Приставив кружку к стене, передал соседям, что на оправку мы первые идем, вы за нами, заберете «грев». За стеной отстучали: поняли. Вечером пошли на оправку, пакет я кинул в мусорный ящик. После нас на оправку повели соседнюю камеру, а через некоторое время по стене оттуда передали: «грев» дома.
А наша камера ожила немного. Мы сидели, пировали, даже анекдоты в ход пошли, и рассказы из жизни уголовников повеселее стали.
3
На другой день на утренней проверке в камеру вошел среднего роста худой остроносый майор и сказал:
— Я майор Жабин, старший оперуполномоченный.
— Очень приятно, гражданин начальник. Будем знакомы: Дим Димыч, рецидивист, — сказал я, подойдя к оперу.
Пригляделся к нему, заметил наколки на руках. Как потом оказалось, он сам был из бывших воров, но потом отошедших. Воевал, имеет награды. На теле у опера необычная даже для нашего преступного мира татуировка: вокруг всего тела выколота, толстая змея, голова которой выходит к горлу. Это не то что «купающаяся колхозница», или русалка, или портреты вождей. Его шедевр нательной живописи, по-видимому, принадлежал игле самого Рафаэля, только лагерного. Голову змеи майор прятал под галстуком рубашки. Как-то было жарко, и майор зашел в камеру без галстука, с расстегнутой верхней пуговицей рубашки. Все зеки увидели голову змеи. Вообще-то змея придавала авторитета майору, зеки стали к нему привыкать и особой ненависти не выказывали.
Жабин сказал:
— Завтра все пойдете на работу. Годится?
— Да, да, — хором ответили камерники.
На другой день нас вывели на работу. Она заключалась в следующем: со свободы в тюрьму завозят детали для хлопкоуборочных машин, какие-то литые чугунные болванки с отверстиями. Наша задача с помощью бородков и кувалдочек килограммов по шесть выбивать в отверстиях болванок окалину, а потом на большом наждаке обтачивать сами болванки. Если дашь сто процентов выработки, то вечером дают к дневной пайке еще сто граммов хлеба и хорошую баланду, в которой чувствуется жир. Если не дашь сто процентов, то на работу вообще не выводят.
Честно говоря, работа мне не понравилась: хотя и не сложная, но не было у меня к ней призвания и духовного тяготения.

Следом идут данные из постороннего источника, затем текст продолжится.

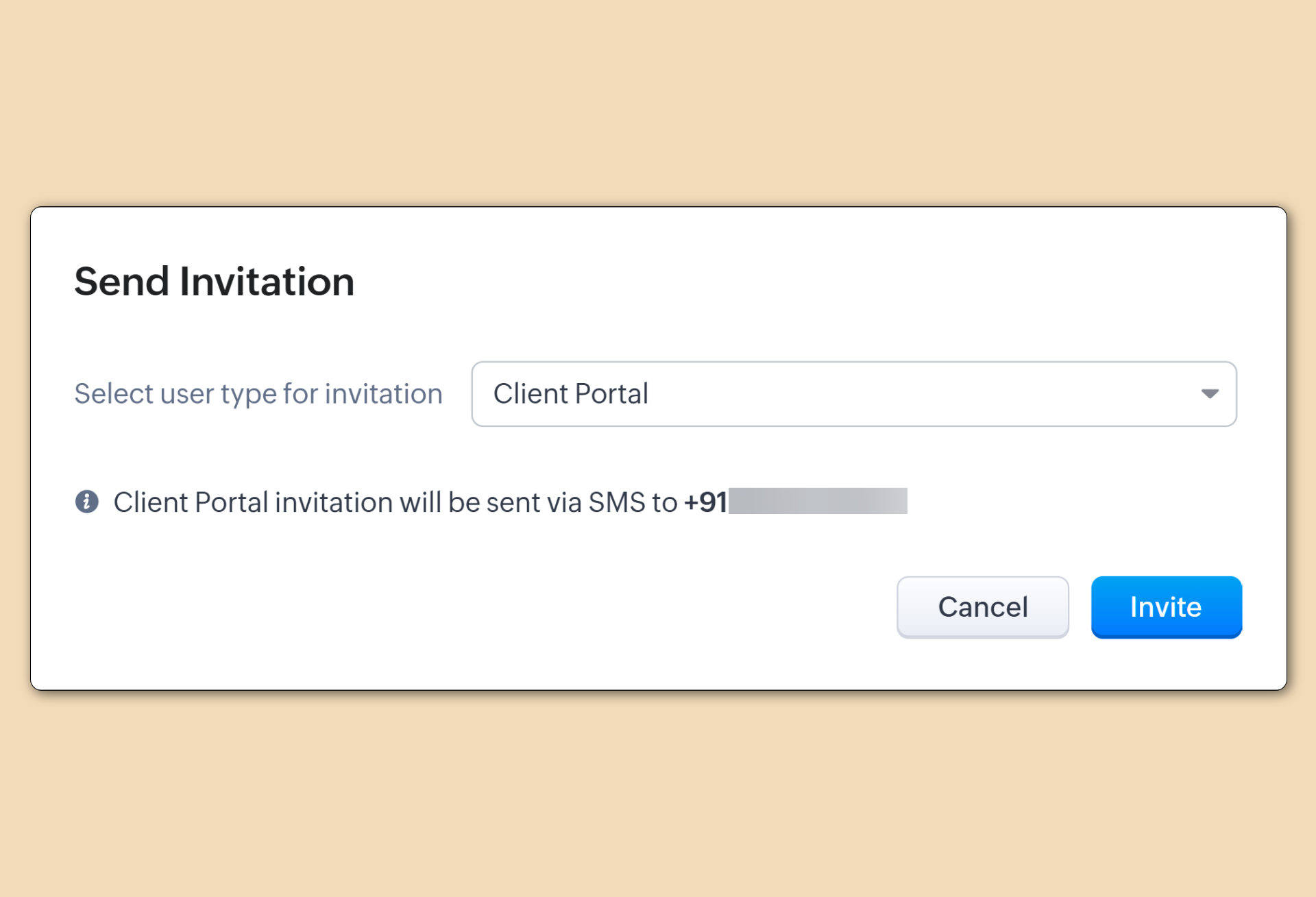 このアップデートは、現在インド国内に登記されている企業向けにサポートされています。登録された送信者IDからポータル関連のSMSをインドの顧客に送信できます。ユーザーに招待を送信するには、ユーザーの携帯電話番号が+91で始まる必要があります。
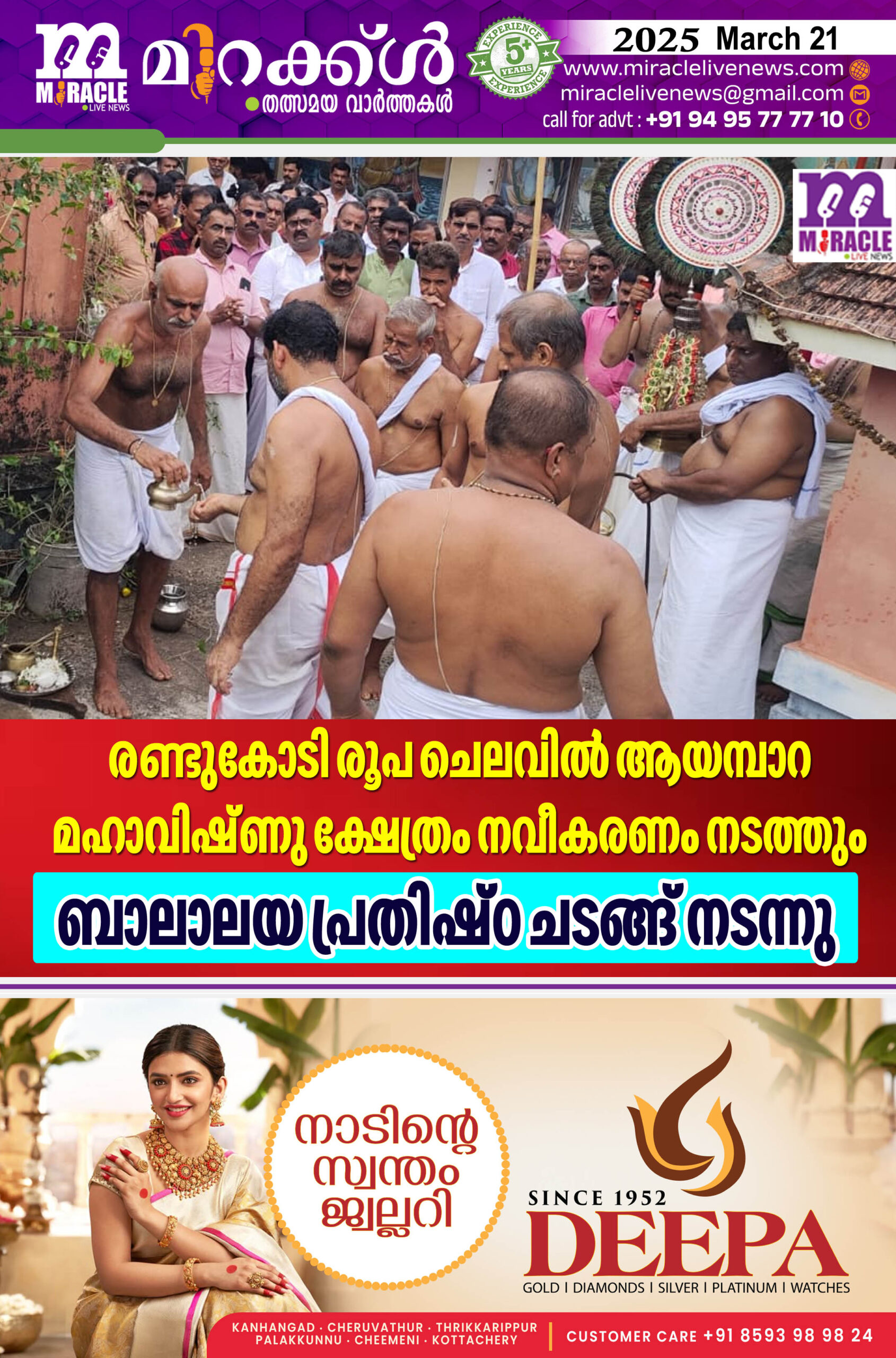 രണ്ടുകോടി രൂപ ചെലവില്‍ ആയമ്പാറ മഹാവിഷ്ണു ക്ഷേത്രം നവീകരണം നടത്തും; ബാലാലയ പ്രതിഷ്ഠ ചടങ്ങ് നടന്നു
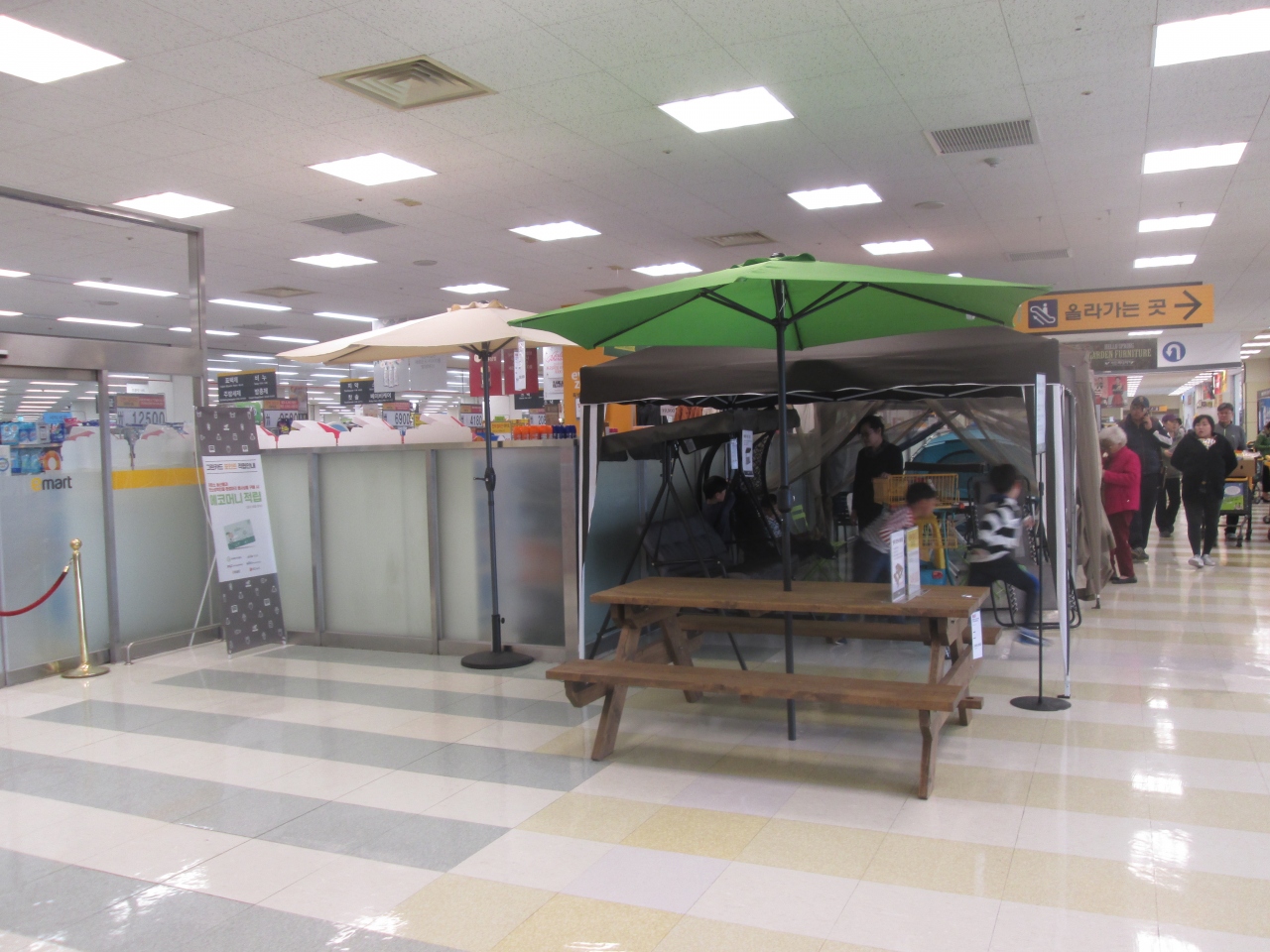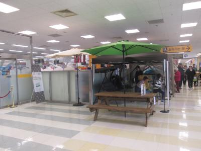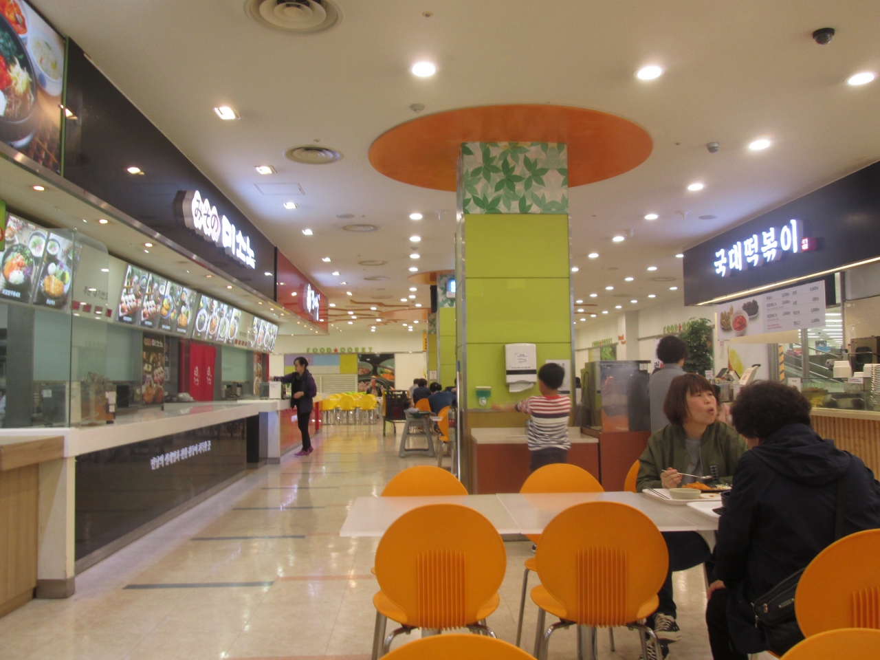韓国内にチェーン展開する量販店Eマートの束草店、市街地南部の高速バスターミナルから近い場所にあります、2階建てののショピングセンターです、1階の食品売り場とフードコートを利用しました、フードコートではチケット売り場を利用して食券を買ってブザーを受け取り、鳴ったらそれぞれのカウンターで受け取ります。

Поэтому норму за меня делал заключенный по кличке Барбули, причем он сам предложил:
— Норма, Дим Димыч, маленькая. Ты не работай, я все сделаю за тебя и за себя.
Был этот Барбули, мягко говоря, немного чокнутый. Да оно и понятно: годами сидеть в камере и видеть почти одни и те же рожи, здесь у любого крыша может поехать. Захочет Барбули уйти из камеры на больничку, начинает ложки глотать. А один раз проглотил партию домино. Его увезли в сангородок на операцию. Когда вернулся оттуда, вскорости проглотил несколько крючков от кровати. Снова увезли в сангородок. После возвращения из сангородка Барбули признался мне:
— Ты знаешь, Дим Димыч, что мне хирург сказал? Сказал, операцию больше делать не будут, кишок почти не осталось. Если еще наглотаешься какой дряни, умрешь, больше вырезать нечего.
На что я ему слегка в резкой форме, но внушительно сказал:
— Барбули, перестань дурью маяться. А не то я сам тебе такую операцию в камере сделаю, что не только наш коновал, но и академик Виноградов со своей кодлой тебя после этого не соберет.
Подействовало. Барбули притих после этого. А когда нас стали водить на работу, то Барбули весь накопившийся в нем талант и изобретательность бросил на покорение трудового Монблана. И это его желание делать работу и за меня входило, по-видимому, в план его социалистических обязательств. А может, боялся, что я сдержу свое обещание насчет операции.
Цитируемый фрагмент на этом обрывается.